Just get the source code published into mainline.
Nowadays I heavily rely Claude Code to write code, I start a task by creating a design, then I write a bunch of prompt which cover the design details and detail requirements and interaction/interface with other compoments. So far so good, it boost the productivity much.
But I am really worrying or still not be able to believe this is the new norm of coding.
The same approach can be used to modernise other legacy codebases.
I'm thinking of doing this with a 15 year old PHP repo, bringing it up to date with Modern PHP (which is actually good).
Here the author has a passion/side project they have been on for a while. Upgrading the tooling is a great thing. Community may not support this since the niche is too narrow. LLM comes in and helps in the upgrade. This is exactly what we want - software to be custom - for people to solve their unique edge cases.

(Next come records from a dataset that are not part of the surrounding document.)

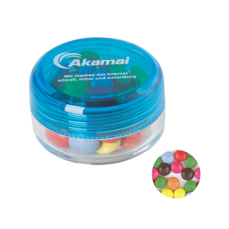 Kunststof rond potje ø45 x 25 mm. met gekleurd deksel en ca. 12 gr. chococarletties
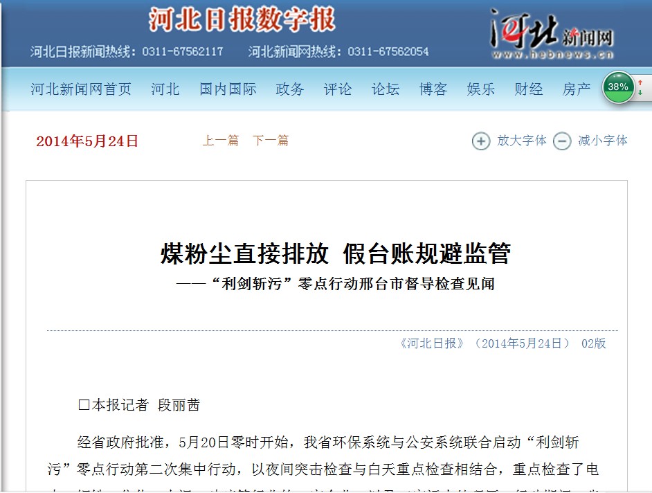 省环保宣教中心组织媒体跟踪报道“利剑斩污”零点行动第二次集中行动 来源:河北省环境保护厅 时间:2014-06-19
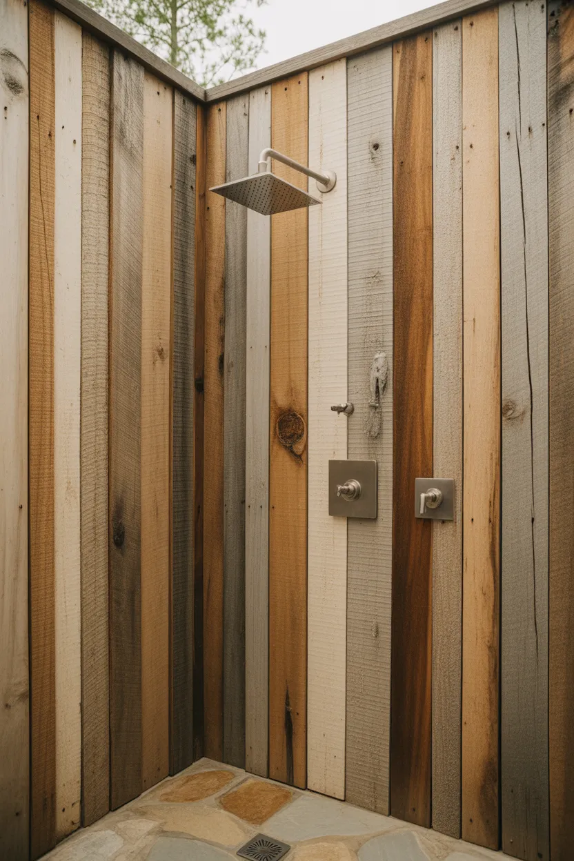 Reclaimed wood gives an outdoor shower a lot of character fast. It feels worn in, natural, and full of texture, which works beautifully in cottage, farmhouse, and rustic-style backyards.
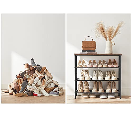 VASAGLE Scarpiera a 4 Livelli, Scaffale, Scarpiera Salvaspazio, Struttura in Metallo, 3 Ripiani in Poliestere, Porta Scarpe per Ingresso, Stile Industriale, Marrone Vintage e Nero LBS035B01

Yes author is technical but we are lowering the barrier and it will be lowered even more. Semi technical people will be able to solve some simpler edge cases, and so one. More power to everyone.
I was able to port a legacy thermal printer user mode driver from legacy convoluted JS to pure modern Typescript in two to three days at the end of which printer did work.
Same caveats apply - I have decent understanding of both languages specifically various legacy JavaScript patterns for modularity to emulate other language features that don't exist in JavaScript such as classes etc.
It’s literally pathetic how these things just memorize, not achieve any actual problem-solving
Anyone with experience with LLMs will have experienced their actual problem solving ability, which is often impressive.
You'd be better off learning to use them, than speculating without basis about why they won't work.
Also “learn to use them” feels you’re holding it wrong vibes.
See also
https://machinelearning.apple.com/research/illusion-of-think...
Re learning to use them, I'm more suggesting that you should actually try to use them, because if you believe that they don't "achieve any actual problem-solving," you clearly haven't done so.
There are plenty of reports in this thread alone about how people are using them to solve problems. For coding applications, most of us are working on proprietary code that the LLMs haven't been trained on, yet they're able to exhibit strong functional understanding of large, unfamiliar codebases, and they can correctly solve many problems that they're asked to solve.
The illusion of thinking paper you linked seems to imply another misunderstanding on your part. All that's pointing out is a fact that's fairly obvious to anyone paying attention: if you use a text generation model to generate the text of supposed "thoughts", those aren't necessarily going to reflect the model's internal functioning.
Functionally, the models can clearly understand almost arbitrary domains and solve problems within them. If you want to claim that's not "thinking", that's really just semantics, and doesn't really matter except philosophically. The point is their functional capabilities.
Only thing I got from this is nostalgia from the old PC with its internals sprawled out everywhere. I still use desktop PCs as much as I can. My main rig is almost ten years old and it's been upgraded countless times although is now essentially "maxed out". Thank god for PC gamers, otherwise I'm not sure we'd still have PCs at all.
One of the things that has Claude as my goto option is its ability to start long-running processes, which it can read the output of to debug things.
There are a bunch of hacks you could have used here to skip the manual part, like piping dmesg to a local udp port and having Claude start a listener.
Even something simple like getting it to run a dev server in react can have it opening multiple servers and getting confused. I've watched streams where the programmer is constantly telling it to use an already running server.